Title:  Hardware-Friendly Model Compression for DNN Accelerators

Committee: 

Dr. Raychowdhury, Advisor    

Dr. Yu, Chair

Dr. Romberg

Abstract: The objective of the proposed research is to introduce solutions to make powerful Deep Neural Network, DNN, algorithms to be deployable on edge devices through developing hardware-aware DNN compression methods. The rising popularity of intelligent mobile devices and the computational cost of deep learning-based models call for efficient and accurate on-device inference schemes. In particular, we proposed two compression techniques.
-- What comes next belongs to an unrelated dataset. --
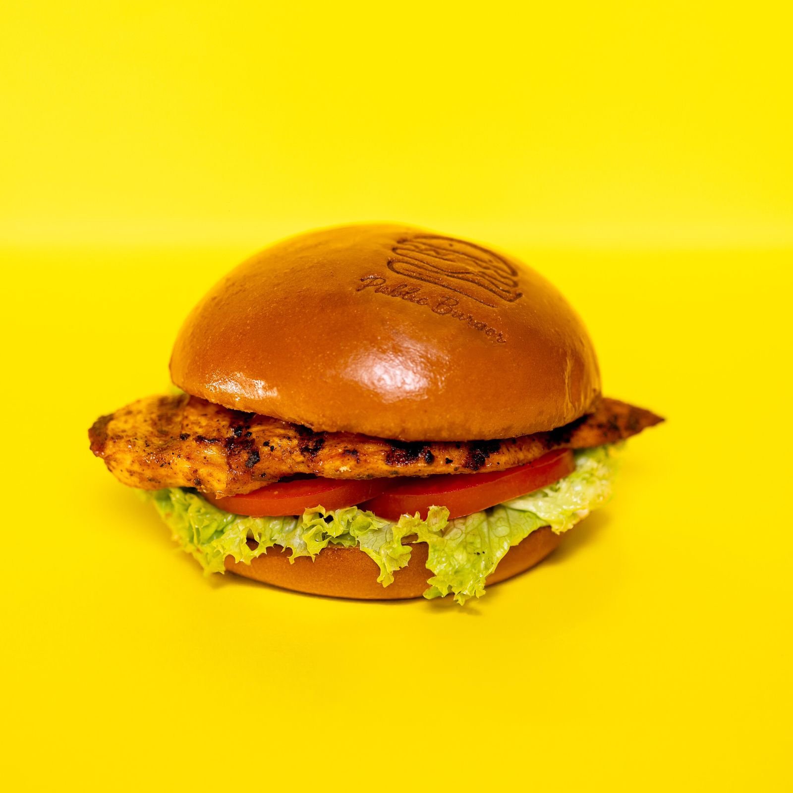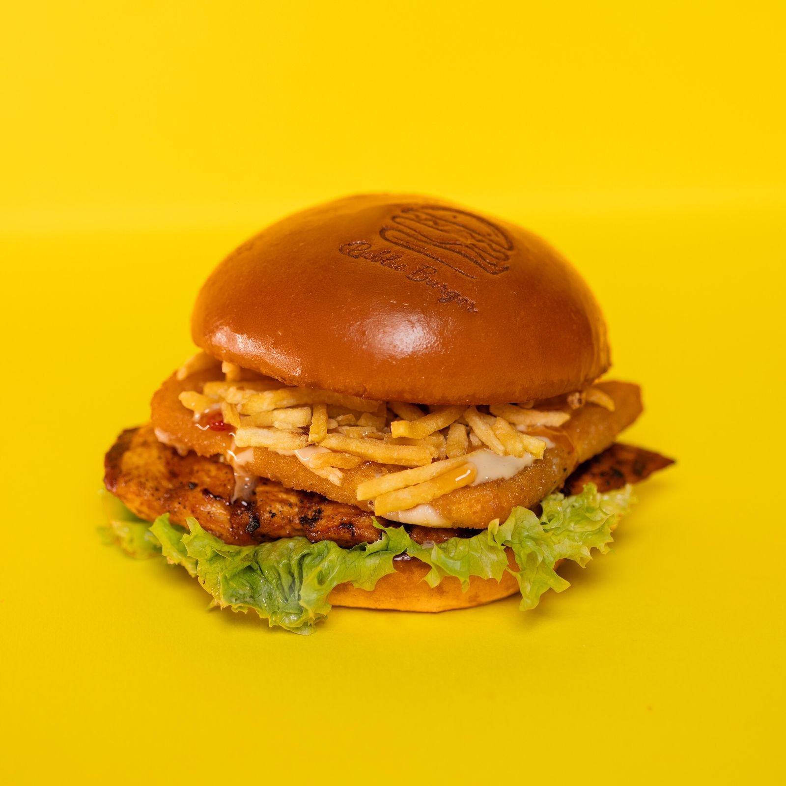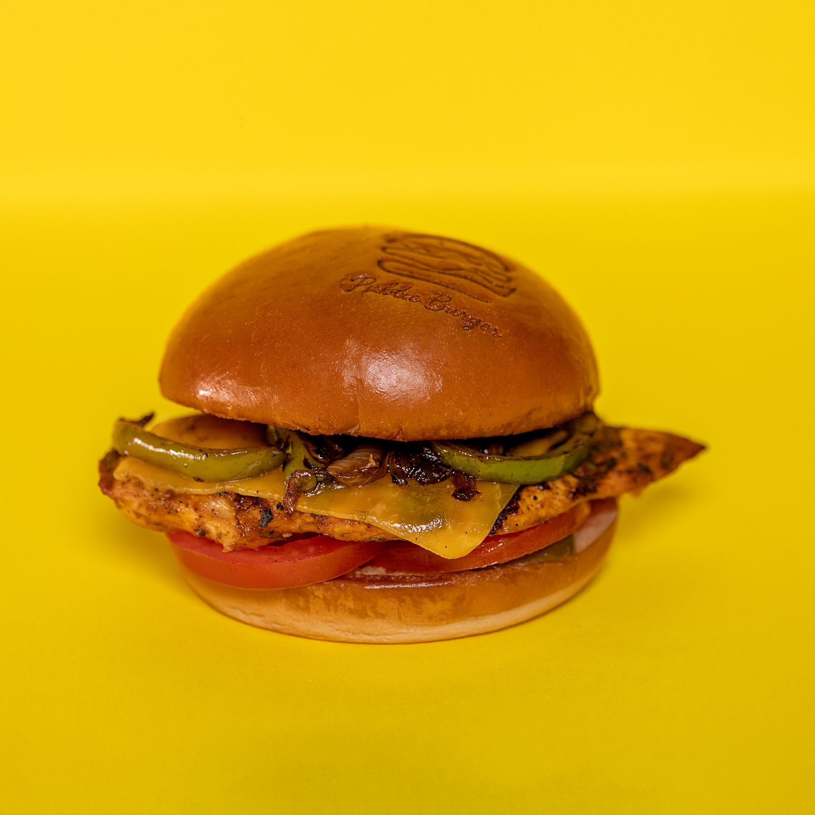 Double brioche bun, 130g Fresh grilling chicken breast, cheddar cheese, spicy sauce, jalapeño, tomato, grilled bell peppers, and grilled onions

In the first method, LGPS, we present a hardware-aware pruning method where the locations of non-zero weights are derived in real-time from a LFSR. Using the pro-posed method, we demonstrate a total saving of energy and area up to 63.96% and 64.23%for VGG-16 network on down-sampled ImageNet, respectively for iso-compression-rate and iso-accuracy. Secondly, we propose a novel model compression scheme that allows inference to be carried out using bit-level sparsity, which can be efficiently implemented using in-memory computing macros. We introduce a method called BitS-Net to leverage the benefits of bit-sparsity (where the number of zeros is more than number of ones in binary representation of weight/activation values) when applied to Compute-In-Memory(CIM) with Resistive Random-Access Memory (RRAM) to develop energy efficient DNN accelerators operating in the inference mode. We demonstrate that BitS-Net improves the energy efficiency by up to 5x for ResNet models on the ImageNet dataset.